* WORK INSTRUCTIONS *
From the data below, set down exactly the lines between the one holding "Ohrringe Silber 925" and the one holding "Alle nehmen stetig", inclusive, and no others.

START INFORMATION PROVIDED

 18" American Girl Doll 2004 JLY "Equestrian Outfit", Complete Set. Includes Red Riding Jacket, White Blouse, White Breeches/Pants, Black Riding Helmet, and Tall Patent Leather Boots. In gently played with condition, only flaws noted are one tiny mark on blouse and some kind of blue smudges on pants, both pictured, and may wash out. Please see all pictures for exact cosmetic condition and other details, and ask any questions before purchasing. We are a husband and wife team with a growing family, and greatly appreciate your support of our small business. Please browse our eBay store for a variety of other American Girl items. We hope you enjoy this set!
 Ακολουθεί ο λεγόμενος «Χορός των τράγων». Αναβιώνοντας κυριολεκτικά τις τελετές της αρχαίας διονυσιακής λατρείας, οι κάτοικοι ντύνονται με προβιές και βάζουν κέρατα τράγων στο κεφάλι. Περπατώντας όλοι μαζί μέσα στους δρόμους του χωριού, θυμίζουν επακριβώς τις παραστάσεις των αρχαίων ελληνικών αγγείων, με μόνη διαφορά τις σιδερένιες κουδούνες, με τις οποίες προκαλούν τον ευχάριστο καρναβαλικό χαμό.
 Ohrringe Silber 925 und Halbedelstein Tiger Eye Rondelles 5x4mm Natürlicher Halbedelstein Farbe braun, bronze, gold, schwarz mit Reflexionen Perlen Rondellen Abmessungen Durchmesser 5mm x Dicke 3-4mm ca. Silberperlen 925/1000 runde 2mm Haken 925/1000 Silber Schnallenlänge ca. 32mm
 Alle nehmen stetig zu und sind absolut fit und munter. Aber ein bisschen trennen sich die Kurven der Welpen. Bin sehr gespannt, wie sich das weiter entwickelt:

END INFORMATION PROVIDED
START INFORMATION PROVIDED

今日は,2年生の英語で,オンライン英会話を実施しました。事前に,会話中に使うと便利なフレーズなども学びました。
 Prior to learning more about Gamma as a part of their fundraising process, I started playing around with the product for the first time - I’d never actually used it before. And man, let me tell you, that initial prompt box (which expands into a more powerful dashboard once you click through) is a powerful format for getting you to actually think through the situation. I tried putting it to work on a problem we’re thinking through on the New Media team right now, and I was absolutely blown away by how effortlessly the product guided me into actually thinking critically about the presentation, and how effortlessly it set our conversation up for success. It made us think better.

END INFORMATION PROVIDED
START INFORMATION PROVIDED

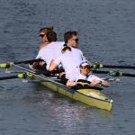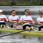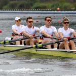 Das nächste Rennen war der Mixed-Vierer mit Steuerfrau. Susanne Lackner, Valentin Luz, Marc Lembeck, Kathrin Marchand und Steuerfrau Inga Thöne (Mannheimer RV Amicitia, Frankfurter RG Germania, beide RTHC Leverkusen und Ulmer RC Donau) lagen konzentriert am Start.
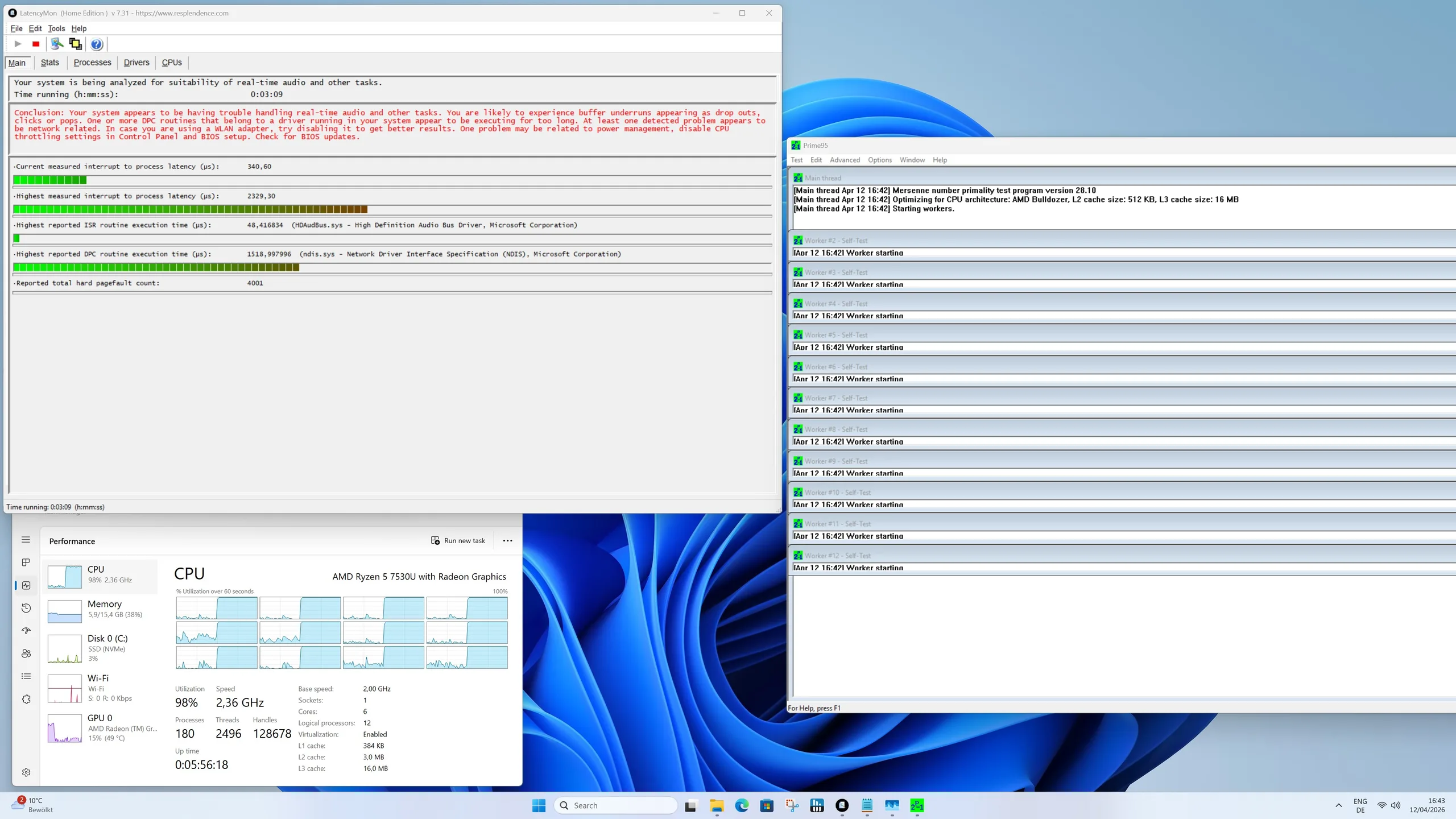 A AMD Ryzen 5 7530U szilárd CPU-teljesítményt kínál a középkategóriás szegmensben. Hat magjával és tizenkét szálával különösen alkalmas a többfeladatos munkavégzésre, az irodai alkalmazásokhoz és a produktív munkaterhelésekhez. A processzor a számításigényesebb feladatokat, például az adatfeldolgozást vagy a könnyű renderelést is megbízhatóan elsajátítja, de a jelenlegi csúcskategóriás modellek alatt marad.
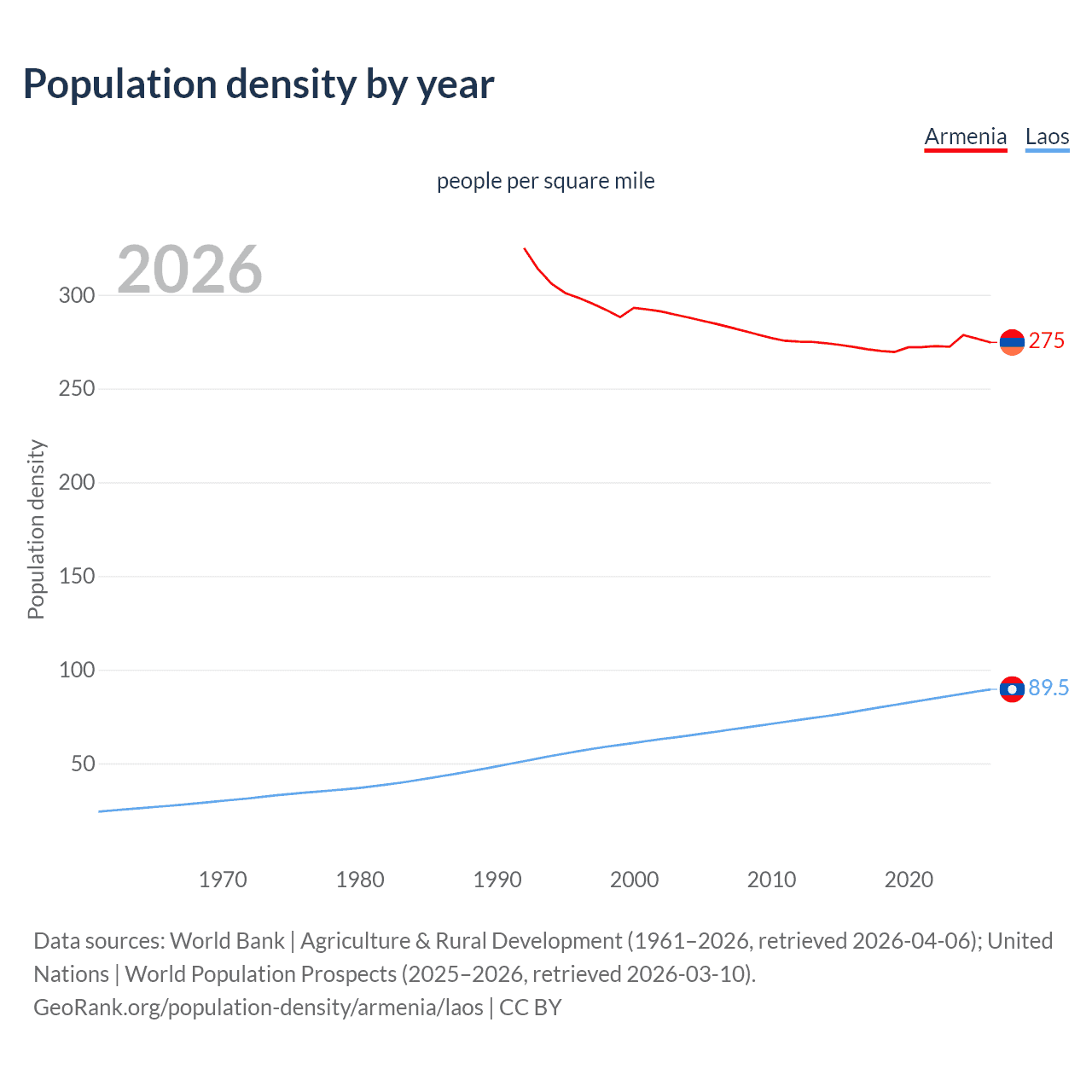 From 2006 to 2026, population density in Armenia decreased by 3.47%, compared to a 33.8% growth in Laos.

END INFORMATION PROVIDED

* COMPLETED TASK *
 Ohrringe Silber 925 und Halbedelstein Tiger Eye Rondelles 5x4mm Natürlicher Halbedelstein Farbe braun, bronze, gold, schwarz mit Reflexionen Perlen Rondellen Abmessungen Durchmesser 5mm x Dicke 3-4mm ca. Silberperlen 925/1000 runde 2mm Haken 925/1000 Silber Schnallenlänge ca. 32mm
 Alle nehmen stetig zu und sind absolut fit und munter. Aber ein bisschen trennen sich die Kurven der Welpen. Bin sehr gespannt, wie sich das weiter entwickelt:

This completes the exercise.